The sclr_mult method generally changes the 2nd parameter. In the current example, Pbase has in

temp = genKey(PrivKey, Pbase); // calls sclr_mult

the value (2,23) and then in

temp = sclr_mult(random, Pbase);

the value (8,19). Since Pbase is the reference point on the elliptic curve, this is the cause of the wrong result. The solution can either be to pass a copy of Pbase or to adapt sclr_mult accordingly. With this change, the current example works:

The public key is                               (16,27)
The message point is                            (2,23)
The shared secret (random * PubKey) is          (6,17)
The encrypted point is                          [(16,27),(16,27)]
The shared secret (PrivKey * P) is              (6,17)
The inverse of the shared secret is             (6,12)
The decrypted message point is                  (2,23)

The following points are also problematic, but don't cause an error in the current example:

• The add method returns for the case A = (0,0) and B != (0,0) the result B, which means that (0,0) represents the PAI (point at infinity, see here, pages 17 - 19). (0,0) is not the best choice, because there are also curves (b = 0) that have (0,0) as a regular point.

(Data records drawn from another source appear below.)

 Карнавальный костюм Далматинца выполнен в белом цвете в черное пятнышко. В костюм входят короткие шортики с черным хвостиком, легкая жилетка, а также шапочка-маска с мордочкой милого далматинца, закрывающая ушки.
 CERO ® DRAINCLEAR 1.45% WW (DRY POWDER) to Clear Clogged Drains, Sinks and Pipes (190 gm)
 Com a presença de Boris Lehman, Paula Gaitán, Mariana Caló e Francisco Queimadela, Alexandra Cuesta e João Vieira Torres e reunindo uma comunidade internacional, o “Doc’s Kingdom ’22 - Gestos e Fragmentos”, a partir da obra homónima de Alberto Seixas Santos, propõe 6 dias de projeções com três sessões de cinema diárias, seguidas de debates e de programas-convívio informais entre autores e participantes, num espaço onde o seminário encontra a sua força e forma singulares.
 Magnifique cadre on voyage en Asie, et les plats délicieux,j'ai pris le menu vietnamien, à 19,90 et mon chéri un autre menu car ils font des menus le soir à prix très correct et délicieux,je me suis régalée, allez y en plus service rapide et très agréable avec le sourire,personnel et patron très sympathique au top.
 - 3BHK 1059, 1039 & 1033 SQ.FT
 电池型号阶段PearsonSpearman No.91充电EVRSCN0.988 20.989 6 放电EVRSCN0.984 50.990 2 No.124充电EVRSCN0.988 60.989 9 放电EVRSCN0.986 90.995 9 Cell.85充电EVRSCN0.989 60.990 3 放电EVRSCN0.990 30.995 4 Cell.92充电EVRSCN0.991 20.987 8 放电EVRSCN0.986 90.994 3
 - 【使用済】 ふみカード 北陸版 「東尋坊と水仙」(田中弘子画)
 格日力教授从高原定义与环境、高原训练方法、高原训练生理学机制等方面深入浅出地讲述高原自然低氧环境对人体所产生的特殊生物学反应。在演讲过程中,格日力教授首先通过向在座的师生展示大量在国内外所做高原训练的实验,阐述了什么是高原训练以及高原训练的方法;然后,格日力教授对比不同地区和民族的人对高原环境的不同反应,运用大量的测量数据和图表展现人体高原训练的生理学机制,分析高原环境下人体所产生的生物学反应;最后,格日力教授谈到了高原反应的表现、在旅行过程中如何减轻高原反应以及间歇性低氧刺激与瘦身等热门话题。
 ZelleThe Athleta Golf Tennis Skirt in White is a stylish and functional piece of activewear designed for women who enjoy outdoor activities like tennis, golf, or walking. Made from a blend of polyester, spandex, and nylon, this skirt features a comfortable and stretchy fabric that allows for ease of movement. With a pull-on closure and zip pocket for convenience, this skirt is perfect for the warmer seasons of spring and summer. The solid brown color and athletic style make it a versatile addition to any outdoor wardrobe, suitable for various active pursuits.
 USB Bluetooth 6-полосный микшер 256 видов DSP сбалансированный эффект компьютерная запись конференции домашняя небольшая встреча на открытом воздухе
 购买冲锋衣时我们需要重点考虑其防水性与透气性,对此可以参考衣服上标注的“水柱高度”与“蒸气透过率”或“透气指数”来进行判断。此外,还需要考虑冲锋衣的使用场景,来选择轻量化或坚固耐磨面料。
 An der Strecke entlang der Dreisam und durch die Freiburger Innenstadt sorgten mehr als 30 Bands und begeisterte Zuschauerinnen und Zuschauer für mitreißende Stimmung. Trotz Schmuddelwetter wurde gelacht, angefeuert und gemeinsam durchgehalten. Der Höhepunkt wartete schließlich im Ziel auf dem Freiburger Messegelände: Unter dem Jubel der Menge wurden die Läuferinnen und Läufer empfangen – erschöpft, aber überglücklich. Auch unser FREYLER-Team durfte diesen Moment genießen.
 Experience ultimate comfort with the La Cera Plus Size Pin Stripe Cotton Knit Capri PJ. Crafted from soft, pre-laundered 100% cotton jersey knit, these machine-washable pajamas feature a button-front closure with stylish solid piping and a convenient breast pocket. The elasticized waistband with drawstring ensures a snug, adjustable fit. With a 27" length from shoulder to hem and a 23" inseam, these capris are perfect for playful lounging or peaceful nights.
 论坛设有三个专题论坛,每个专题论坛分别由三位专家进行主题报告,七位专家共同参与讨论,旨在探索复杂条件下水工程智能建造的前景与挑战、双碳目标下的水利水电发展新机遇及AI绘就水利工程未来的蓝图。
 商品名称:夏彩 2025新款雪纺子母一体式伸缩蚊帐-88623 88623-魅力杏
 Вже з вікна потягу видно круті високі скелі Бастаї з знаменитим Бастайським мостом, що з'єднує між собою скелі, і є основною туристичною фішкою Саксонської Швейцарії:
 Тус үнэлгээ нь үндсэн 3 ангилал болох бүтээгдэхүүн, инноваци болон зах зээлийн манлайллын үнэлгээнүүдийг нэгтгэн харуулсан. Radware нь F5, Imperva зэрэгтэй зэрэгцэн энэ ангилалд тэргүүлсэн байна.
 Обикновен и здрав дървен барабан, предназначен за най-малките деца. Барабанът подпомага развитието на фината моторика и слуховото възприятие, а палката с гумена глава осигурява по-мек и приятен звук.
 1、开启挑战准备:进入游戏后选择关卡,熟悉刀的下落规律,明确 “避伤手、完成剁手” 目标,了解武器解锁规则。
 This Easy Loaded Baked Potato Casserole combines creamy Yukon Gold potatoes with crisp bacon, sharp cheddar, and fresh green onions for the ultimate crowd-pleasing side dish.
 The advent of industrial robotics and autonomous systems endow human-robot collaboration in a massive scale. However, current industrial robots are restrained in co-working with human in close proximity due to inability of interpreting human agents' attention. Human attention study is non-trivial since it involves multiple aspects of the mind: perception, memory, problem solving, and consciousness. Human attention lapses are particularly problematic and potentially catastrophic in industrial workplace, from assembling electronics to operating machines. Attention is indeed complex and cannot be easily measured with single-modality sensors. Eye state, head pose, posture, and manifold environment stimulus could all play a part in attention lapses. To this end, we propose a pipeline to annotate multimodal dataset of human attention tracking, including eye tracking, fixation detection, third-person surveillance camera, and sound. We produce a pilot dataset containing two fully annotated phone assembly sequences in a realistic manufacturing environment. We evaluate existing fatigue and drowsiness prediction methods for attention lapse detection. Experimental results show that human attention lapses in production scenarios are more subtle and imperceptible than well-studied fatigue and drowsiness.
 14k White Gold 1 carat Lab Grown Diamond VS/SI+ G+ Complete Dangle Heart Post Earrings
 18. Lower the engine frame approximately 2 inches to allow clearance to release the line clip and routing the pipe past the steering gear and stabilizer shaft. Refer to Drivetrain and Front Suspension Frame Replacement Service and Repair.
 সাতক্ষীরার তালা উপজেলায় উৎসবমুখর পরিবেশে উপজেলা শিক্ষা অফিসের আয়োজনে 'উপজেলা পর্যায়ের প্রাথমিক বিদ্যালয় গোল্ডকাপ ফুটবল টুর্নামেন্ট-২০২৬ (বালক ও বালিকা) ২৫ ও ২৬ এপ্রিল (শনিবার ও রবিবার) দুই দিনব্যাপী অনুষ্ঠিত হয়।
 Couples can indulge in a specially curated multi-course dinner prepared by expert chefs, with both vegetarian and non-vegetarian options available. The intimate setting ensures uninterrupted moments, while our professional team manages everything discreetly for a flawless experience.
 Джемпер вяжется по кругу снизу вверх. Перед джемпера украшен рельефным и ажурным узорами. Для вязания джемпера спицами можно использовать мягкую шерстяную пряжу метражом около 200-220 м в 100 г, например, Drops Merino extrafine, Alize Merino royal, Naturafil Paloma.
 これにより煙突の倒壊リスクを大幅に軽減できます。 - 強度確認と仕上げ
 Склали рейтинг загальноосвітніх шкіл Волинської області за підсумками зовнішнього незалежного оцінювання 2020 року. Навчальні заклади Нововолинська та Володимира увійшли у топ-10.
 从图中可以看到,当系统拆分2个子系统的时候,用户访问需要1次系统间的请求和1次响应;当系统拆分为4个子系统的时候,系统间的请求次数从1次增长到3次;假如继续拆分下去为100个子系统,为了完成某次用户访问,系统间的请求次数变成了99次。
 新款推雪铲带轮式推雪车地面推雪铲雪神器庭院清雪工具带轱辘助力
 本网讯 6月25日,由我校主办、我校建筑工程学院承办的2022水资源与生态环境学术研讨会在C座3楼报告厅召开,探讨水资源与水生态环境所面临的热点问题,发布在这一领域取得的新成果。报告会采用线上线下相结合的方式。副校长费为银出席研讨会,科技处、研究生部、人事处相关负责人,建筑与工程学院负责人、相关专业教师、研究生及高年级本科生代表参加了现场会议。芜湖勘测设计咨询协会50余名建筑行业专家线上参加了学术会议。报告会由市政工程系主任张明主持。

For the current curve (b = 7), however, (0,0) is not a regular point, so it can be defined as PAI.

  Note: If a point other than (0,0) is used as PAI (e.g. (p,p)), Q must be initialized in sclr_mult with the point representing the PAI!

• The add method must consider the following three cases (here, p. 20):

  PAI + PAI = PAI   
  A + PAI = A    
  PAI + B = B
  

  In addition, the two cases of a vertical secant (point addition) and tangent (point doubling) must be taken into account (here, p. 3):

  (B[0] - A[0]) % p == 0    vertical secant     
  A[1] % p == 0             vertical tangent
  

  The add method could be modified as follows to consider these cases:

  int * add(int A[2], int B[2])
  {
      int *C = (int *)calloc(2, sizeof(int));
      int x = 0;
  
      if (isPAI(A) && isPAI(B))  // PAI + PAI = PAI
      {
          return getPAI(C);
      }
      else if (isPAI(A))         // PAI + B = B
      {
          return B;
      }
      else if (isPAI(B))         // A + PAI = A
      {
          return A;
      }
      else if ((A[0] == B[0]) && (A[1] == B[1]))
      {
          // Point doubling
  
          if (A[1] % p == 0)              // Vertical tangent
          {
              return getPAI(C);
          }
  
          // as in current code
          // ... 
      }
      else
      {
          // Point addition
  
          if ((B[0] - A[0]) % p == 0)    // Vertical secant
          {
              return getPAI(C);
          }
  
          // as in current code
          // ... 
      }
  
      // as in current code
      // ... 
  }
  

  with

  bool isPAI(int *point) 
  {
      return point[0] == 0 && point[1] == 0;
  }
  
  int* getPAI(int *point) 
  {
      point[0] = 0;
      point[1] = 0;
      return point;
  }
  

• Example: a = 1, b = 7, p = 17, (here)

  Points:

  (1,3), (1,14), (2,0), (5,1), (5,16), (6,5), (6,12), (7,0), (8,0), (12,8), (12,9)
  

  Result of current add method:

  (1,3) + (1,3) = (6,5)
  (6,5) + (1,3) = (2,0)
  (2,0) + (1,3) = (1,3)
  ...
  

  Result of modified add-method:

  (1,3) + (1,3) = (6,5)
  (6,5) + (1,3) = (2,0)
  (2,0) + (1,3) = (6,12)
  (6,12)+ (1,3) = (1,14)
  (1,14)+ (1,3) = (0,0)   // PAI
  (0,0) + (1,3) = (1,3)
  ...